Antibiotics such as co-trimoxazole (sulfamethoxazole/trimethoprim—a dihydrofolate reductase inhibitor and a sulphonamide) and amoxicillin (a β-lactam) are used globally in the public health sector for treatment of bacterial infections. Antibiotics in general are crucial for use as chemotherapeutic agents in treating bacterial infections and microbe-borne diseases making them vital for the prevention of mortality in pneumonia, diarrheal diseases, human immunodeficiency virus (HIV), tuberculosis, and malaria.13 Co-trimoxazole is commonly used as prophylaxis against secondary bacterial infections among HIV-1-infected tuberculosis patients for whom it has shown a marked reduction in morbidity and mortality rates.4 Amoxicillin is a broad-spectrum antibiotic used for the treatment of several bacterial infections.5

There is widespread concern about the quality of antimalarial drugs, with up to 35% poor quality antimalarials reported to be in malaria-endemic countries.6,7 However, little is known about the quality of antibiotics, despite being in high demand globally.
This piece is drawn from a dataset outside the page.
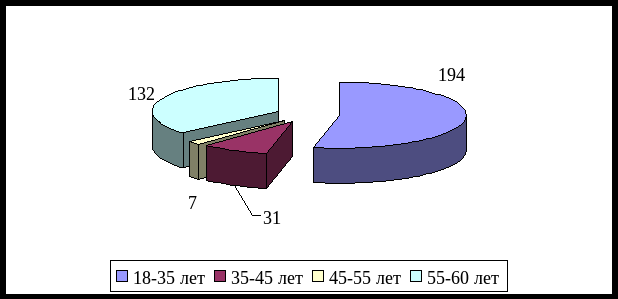 Возрастной состав ООО «СДН ТрансАвто» на 01.01.2009 г 1. 18-35 лет - 157 человек (43,1 % от общей численности) 2. 35-45 лет - 107человек (29,4 % от общей численности) 3. 45-55 лет - 97 человек (26,6 % от общей численности) 4. 55-60 лет - 3 человека (0,87 % от общей численности)  Рис. 2 – Возрастной состав кадров «СДН ТрансАвто»

Manufacturers of “counterfeit”8 drugs target economically profitable medicines, as well as those that have high volume sales. Over a period of 5 years, 2006–2010, 1.34 billion antibiotic prescriptions were dispensed in the United States.9 Data are limited from the developing world where first-line antibiotics can be easily obtained without prescription from pharmacies, grocery shops, and even mobile drug peddlers.10,11

The use of poor quality drugs can lead to poor treatment outcomes, waste of financial resources by prolonging illnesses, increase the potential of recrudescence, and propagate the development of drug resistance.12 Instances such as these reduce consumer confidence in health systems, health professionals, and the pharmaceutical industry.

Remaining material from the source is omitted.